24 de septiembre de 2021
Directores
Orlando Cadavid Correa
Evelio Giraldo Ospina

Semblanza de Gaitán

9 de abril de 2011

Era un excelente abogado penalista, que en su tiempo no tuvo igual entre nosotros. Orador formidable, ejercía una influencia notable en los jurados de conciencia, institución democrática que desapareció de nuestro procedimiento penal por el temor a los mafiosos, temor que también trajo consigo figuras repugnantes como la de los testigos sin rostro. No era uno de esos personajes de hoy que ejercen su profesión en la radio, la televisión y los periódicos y que compran fiscales y jueces como si fueran mercancía barata.

Fue el más grande caudillo popular, el único digno de ese nombre. Entre el pueblo y él se creó una identidad, por lo cual no sería exagerado decir que cada uno de los liberales del común sintió que a él también lo herían las balas que acabaron con la vida de su jefe. Recuérdese que él había dicho: “Yo no soy un hombre. ¡Yo soy un pueblo!” Entre nosotros ha habido grandes oradores, que tienen qué decir y saben cómo decirlo. Pero ninguno ha tenido la facultad de comunicarse con las masas cómo él. Un episodio ilustra su dominio de las multitudes.
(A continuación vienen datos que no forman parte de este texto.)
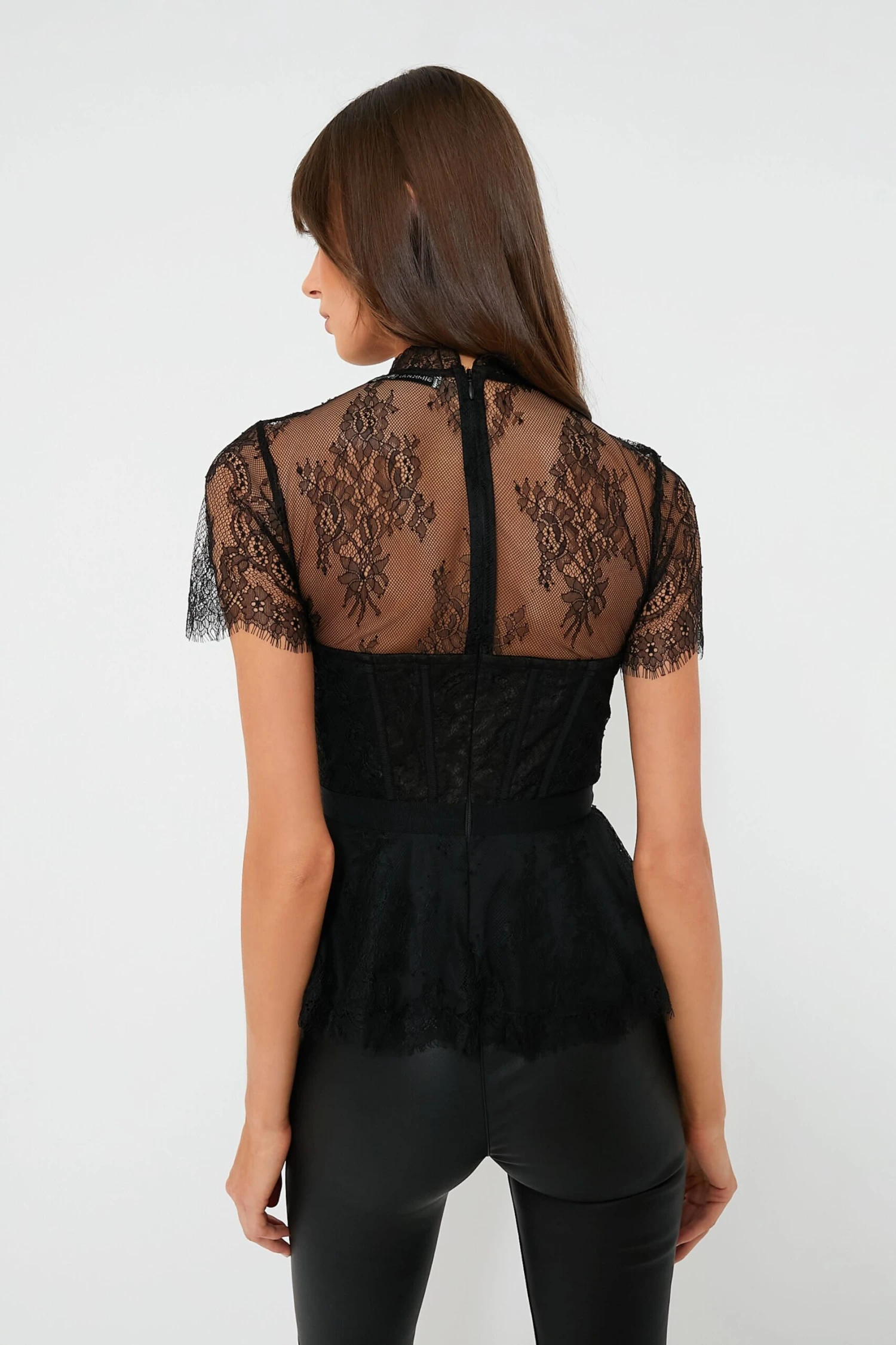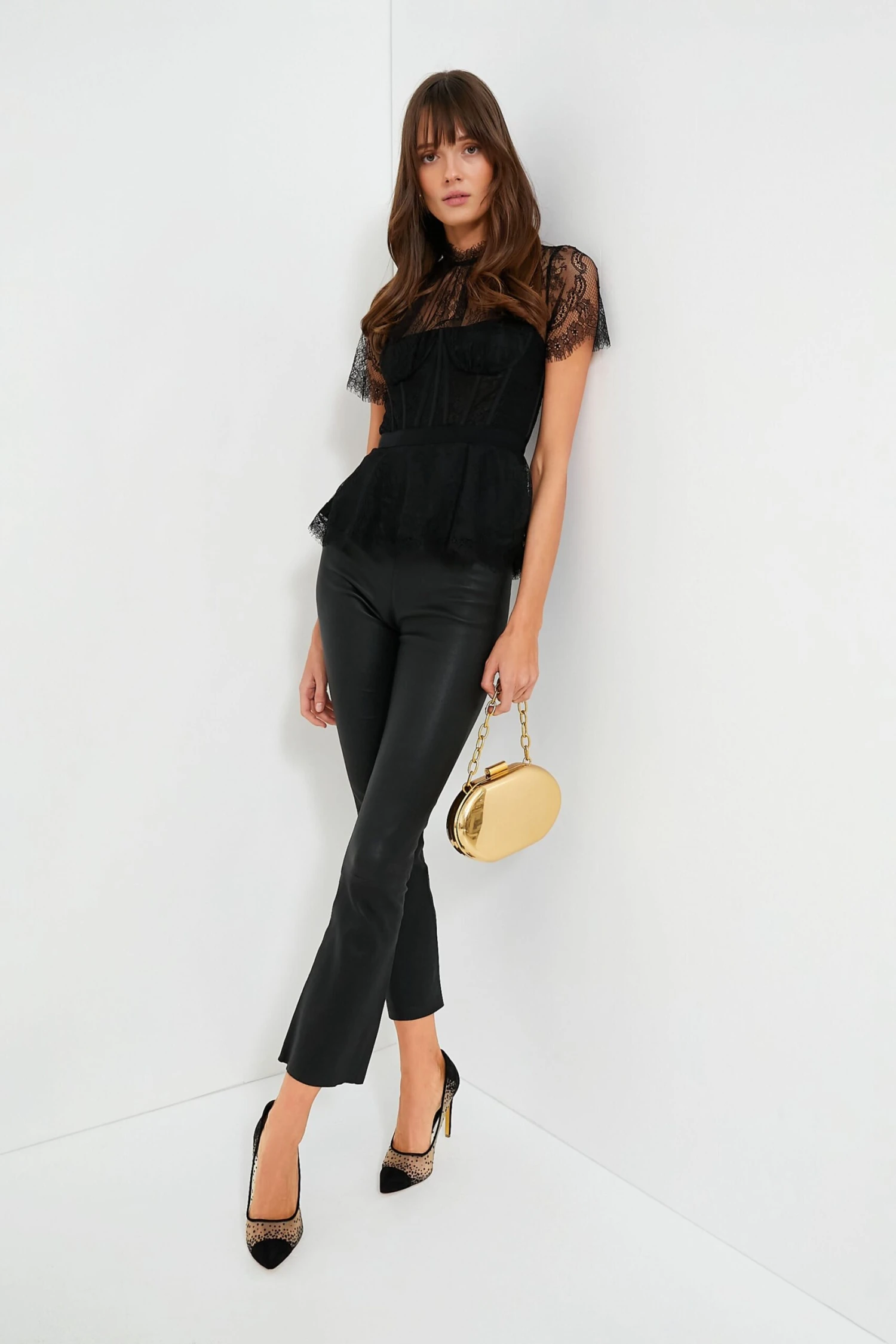 The Black Kehlani Top is made from sheer lingerie lace that enhances the sultry, boudoir-inspired bustier top. A peplum hem, mock-neck collar, and grosgrain ribbon at the waist add a feminine flair. We are adding leather pants and pops of pink for a look that is truly celebration-worthy!

El 7 de febrero de 1948, gentes de todas partes se congregaron en la plaza de Bolívar de Bogotá, y en todas sus calles adyacentes, para exigir al presidente Ospina que pusiera fin a la violencia organizada contra el liberalismo. Hay que tener en cuenta que a partir del 7 de agosto de 1946, se había puesto en marcha un plan criminal para destruir las mayorías liberales y perpetuar en el poder la minoría conservadora. Esa era una estrategia perversa, copiada de los nazis, y especialmente de las S.A. que imponían el terror en Alemania. El discurso de Gaitán, llamado Oración por la Paz, es una obra maestra. Basta transcribir algunos apartes para apreciar su grandeza. Comienza así:

“Señor Presidente Mariano Ospina Pérez:

“Bajo el peso de una honda emoción me dirijo a vuestra Excelencia, interpretando el querer y la voluntad de esta inmensa multitud que esconde su ardiente corazón, lacerado por tanta injusticia, bajo un silencio clamoroso, para pedir que haya paz y piedad para la patria.”

Como la consigna era guardar silencio y agitar banderas negras, añadía el orador:
“Dos horas hace que la inmensa multitud desemboca en esta plaza y no se ha escuchado sin embargo un solo grito, porque en el fondo de los corazones sólo se escucha el golpe de la emoción.

“Señor Presidente: Aquí no se oyen aplausos: ¡Sólo se ven banderas negras que se agitan! Señor Presidente: Vos que sois un hombre de universidad debéis comprender de lo que es capaz la disciplina de un partido, que logra contrariar las leyes de la psicología colectiva para recatar la emoción en un silencio, como el de esta inmensa muchedumbre. Bien comprendéis que un partido que logra esto, muy fácilmente podría reaccionar bajo el estímulo de la legítima defensa.”
Y terminaba así:

“Señor Presidente: Nuestra bandera está enlutada y esta silenciosa muchedumbre y este grito mudo de nuestros corazones sólo os reclaman que nos tratéis a nosotros, a nuestras madres, a nuestras esposas, a nuestros hijos y a nuestros bienes, como queréis que os traten a vos, a vuestra madre, a vuestra esposa, a vuestros hijos y a vuestros bienes.

“Os decimos finalmente, Excelentísimo señor: Bienaventurados los que entienden que las palabras de concordia y de paz no deben servir para ocultar sentimientos de rencor y exterminio. ¡Malaventurados los que en el gobierno ocultan tras la bondad de las palabras la impiedad para los hombres de su pueblo, porque ellos serán señalados con el dedo de la ignominia en las páginas de la historia!”

Por desgracia, la barbarie siguió y el propio Gaitán fue una sus víctimas. Todo había comenzado el 5 de mayo de 1946, cuando la división del partido causó su derrota y determinó el fin de la República Liberal que estaba haciendo de Colombia un país nuevo. Hay que repasar la historia, aprender sus lecciones y buscar remedio a los males que nos aquejan.